It is of absolutely no importance that your TSH has dropped like that - it isn't even suppressed. Dosing by TSH is very wrong. And a low TSH will do you no harm. You're not likely to get any sense out of that GP because he doesn't have anything to give. He knows nothing about thyroid, I'm afraid.
A drop in TSH from 0.5 to 0.2 is in my opinion not very significant, it is quite possible that for example if you'd tested the TSH on the same day but half an hour later you could have had a similar difference in TSH result . If it had gone up to say 2 or down to 0.002 them it might be worth taking into account , but really 0.5 to 0.2 is near as dammit the same TSH.
I also don't think that 0.2 is low enough to give any concern about 'overmedication' unless you have symptoms of overmedication to go with it.
Your fT4 and fT3 (the more important measurements) certainly do not indicate overmedication.
If you felt the need to try a slightly reduced dose, i personally would not want to reduce by so much as from 150 to 100, on your results. i'd reduce by 25mcg at the most, (personally i only adjust by 12.5 mcg at a time nowadays, for me 12.5mcg is enough to alter how i feel , and also enough to move TSH slightly.)
I'd expect you to feel a big difference if you removed a third of your current dose ( and not in good way)
The only symptoms I have is my rash and not being able to sleep . Shall I call him back and argue my case that it is too much too drop. The problem these days is that the doctor has full control after you are released from being an outpatient from the hospital after Rai treatment
seems to me that GP does not think thyroid levels are what is causing the rash, so if his only reason for reduction is your only slightly low TSH i'd ask for clarification why he suggests such a big drop in Levo.And then suggest you'd prefer to first try a more subtle adjustment if he still believes a reduction is really necessary.

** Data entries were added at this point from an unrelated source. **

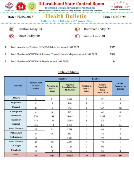 जिसमें अल्मोड़ा में 2, बागेश्वर में 1, चमोली में 4, देहरादून में 6, हरिद्वार में 1 और नैनीताल में 5 मामले मिले है।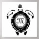 Die Silhouette der Meeresschildkröten ist von oben illustriert. Ein schwarzer Diamant überbrückt die Segmente und erzeugt so einen Rahmen für ein Monogramm. Das M ist für Monogramm kurz und kann für Ihren eigenen Initial personalisiert werden.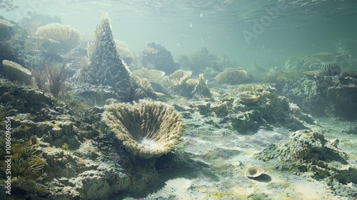 Ancient Cambrian Ocean Floor Teeming with Life - Ultra-Detailed 3D Render of Diverse Marine Ecosystem with Sponges and Corals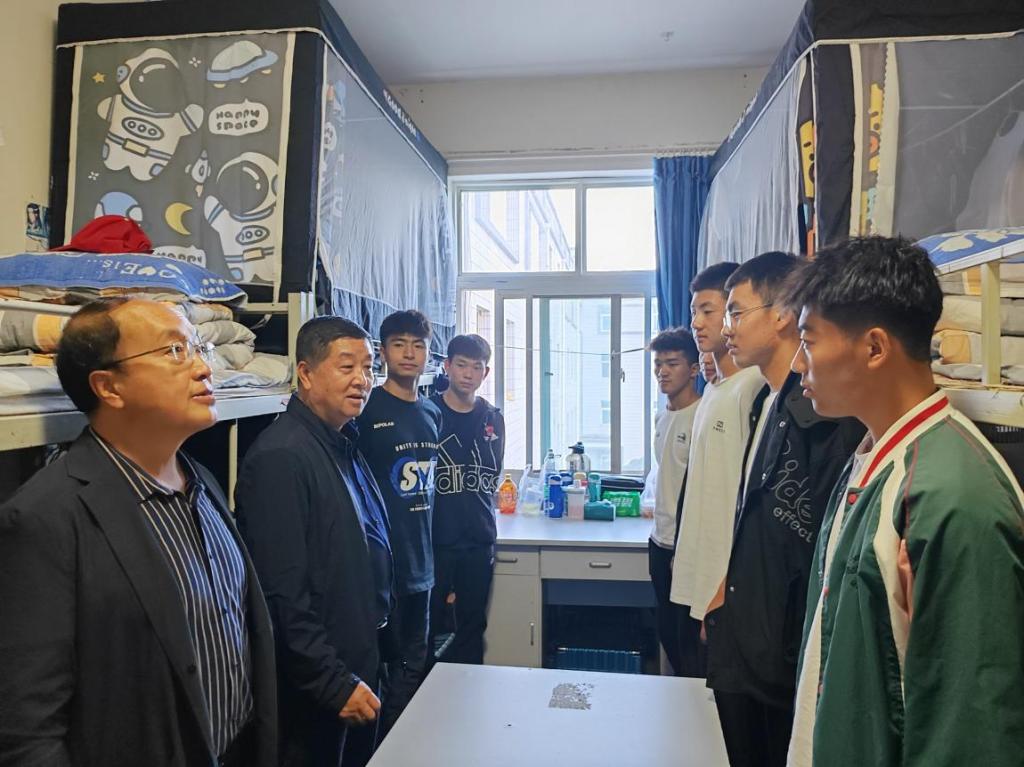 在惠和公寓、惠文公寓,任永峰对学生宿舍安全、纪律、卫生进行检查,详细询问了解新生军训、学习、生活等情况,叮嘱同学们在校期间注意安全,劳逸结合、和睦相处、团结互助,营造一个文明和谐自律的宿舍氛围。他勉励新同学们珍惜大学时光,规划好大学学习生活,尽快完成角色转变,让大学生活过得充实而有意义。(体育与健康学院)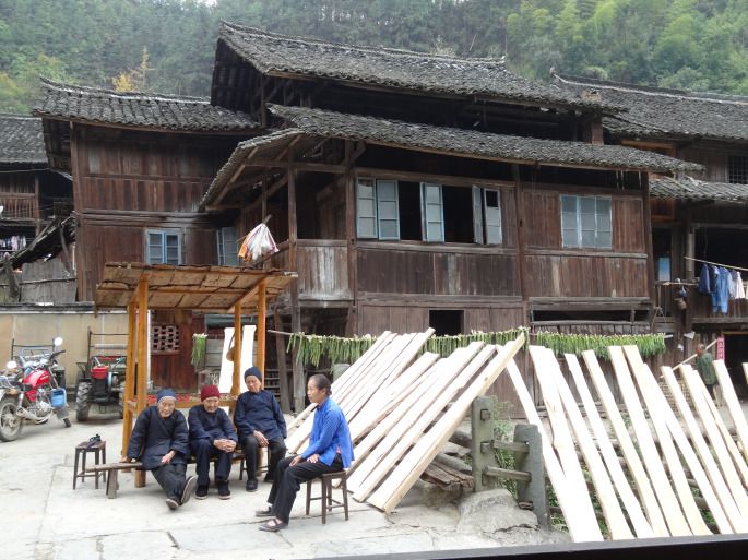 鼓楼里有几位老婆婆摘菜。和她们语言不甚通,就坐在一边帮助她们摘菜,是一种略有生姜味道的茎,将外面的老皮撕掉,里面是水嫩的芯,沁出清香。默默地摘着菜,听她们间或聊天,脑子空白,心静如水。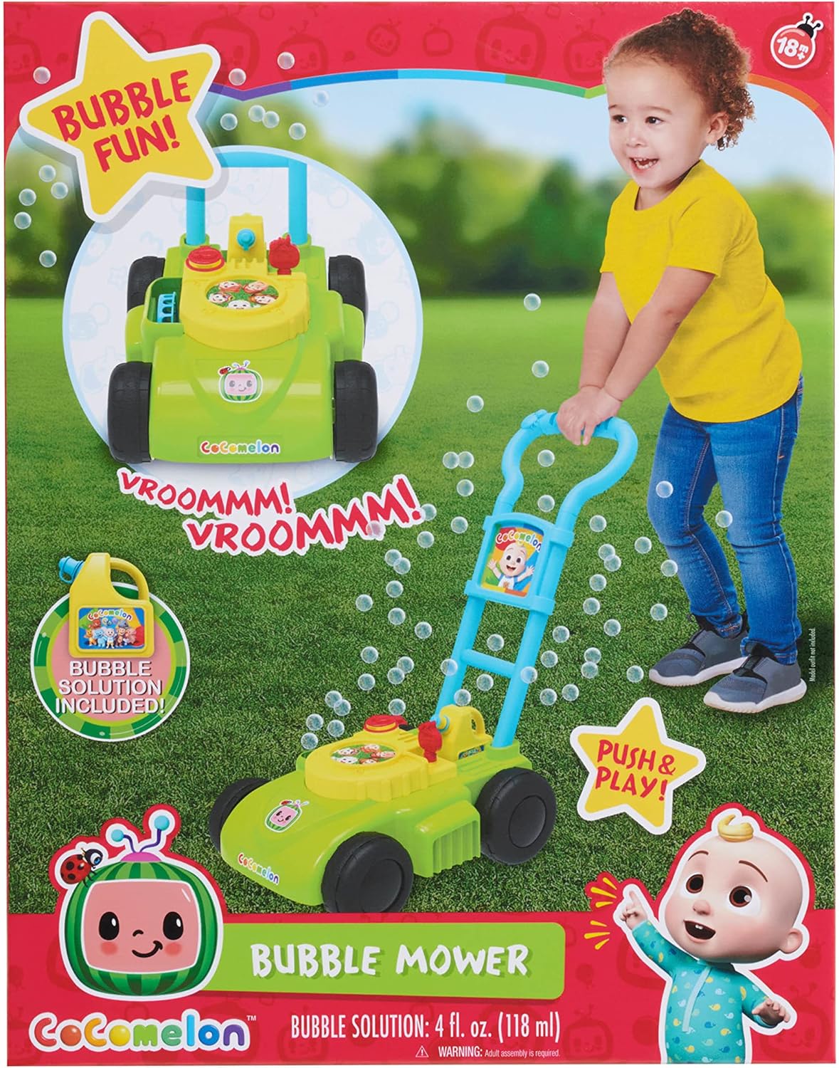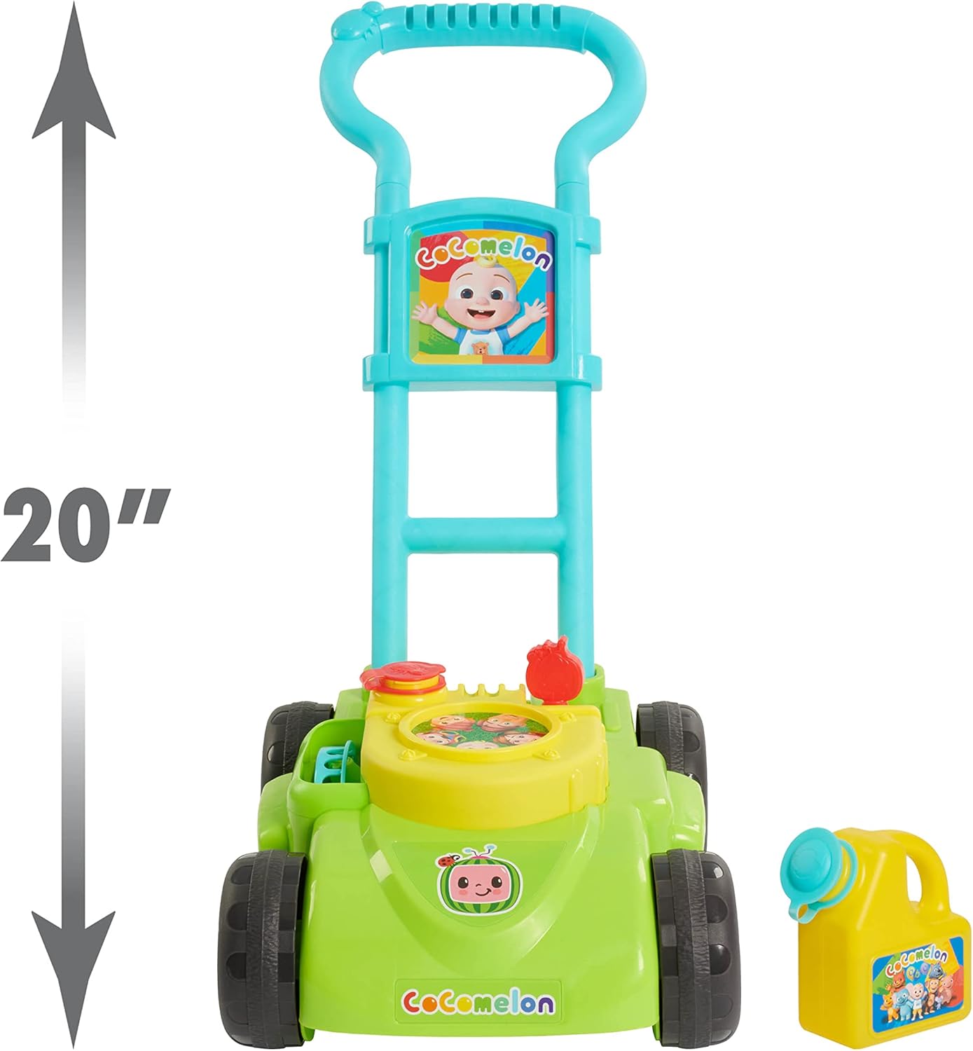 Learn and play with JJ! Motivate toddlers to be active with a CoComelon-themed lawn mower that blows sudsy bubbles and makes motor sounds while kids push it along. The colorful CoComelon Bubble Mower is lightweight and has a handle that makes it easy for little ones to push and pull. Preschoolers will love pretending to help parents with yardwork, by doing their part to “mow” the lawn. Built for imaginative, outdoor play, this kid-powered lawn mower requires no batteries and comes with a pretend gas can filled with bubble solution. Bring home the CoComelon Bubble Mower, as well as the rest of the CoComelon learning and education toys, to help make curious toddlers happy and smart! Ideal for toddlers and preschoolers ages 18 months and up.

(and personally , whatever he say's, i'd still not reduce to 100, i'd take 125 and have the next blood test done on that )
edit... then come clean about the 125 when the results are in,
Dr Toft, past president of the British Thyroid Association and leading endocrinologist, states in Pulse Magazine,
"The appropriate dose of levothyroxine is that which restores euthyroidism and serum TSH to the lower part of the reference range - 0.2-0.5mU/l.
In this case, free thyroxine is likely to be in the upper part of its reference range or even slightly elevated – 18-22pmol/l.
Most patients will feel well in that circumstance.
But some need a higher dose of levothyroxine to suppress serum TSH and then the serum-free T4 concentration will be elevated at around 24-28pmol/l.
This 'exogenous subclinical hyperthyroidism' is not dangerous as long as serum T3 is unequivocally normal – that is, serum total around T3 1.7nmol/l (reference range 1.0-2.2nmol/l)."
(That’s Ft3 at 58% minimum through range)
You can obtain a copy of the articles from Thyroid UK email print it and highlight question 6 to show your doctor please email Dionne at
the best paper on this that I have seen indicates that a TSH of 0.03-0.5 is best on therapy. Above that is insufficient and below MAY or MAY NOT indicate slight overdosing
Interestingly, patients with a serum TSH below the reference range, but not suppressed (0.04–0.4 mU/liter), had no increased risk of cardiovascular disease, dysrhythmias, or fractures. It is unfortunate that we did not have access to serum free T4 concentrations in these patients to ascertain whether they were above or within the laboratory reference range. However, our data indicate that it may be safe for patients to be on a dose of T4 that results in a low serum TSH concentration, as long as it is not suppressed at less than 0.03 mU/liter. Many patients report that they prefer such T4 doses (9, 10). Figure 2 indicates that the best outcomes appear to be associated with having a TSH within the lower end of the reference range.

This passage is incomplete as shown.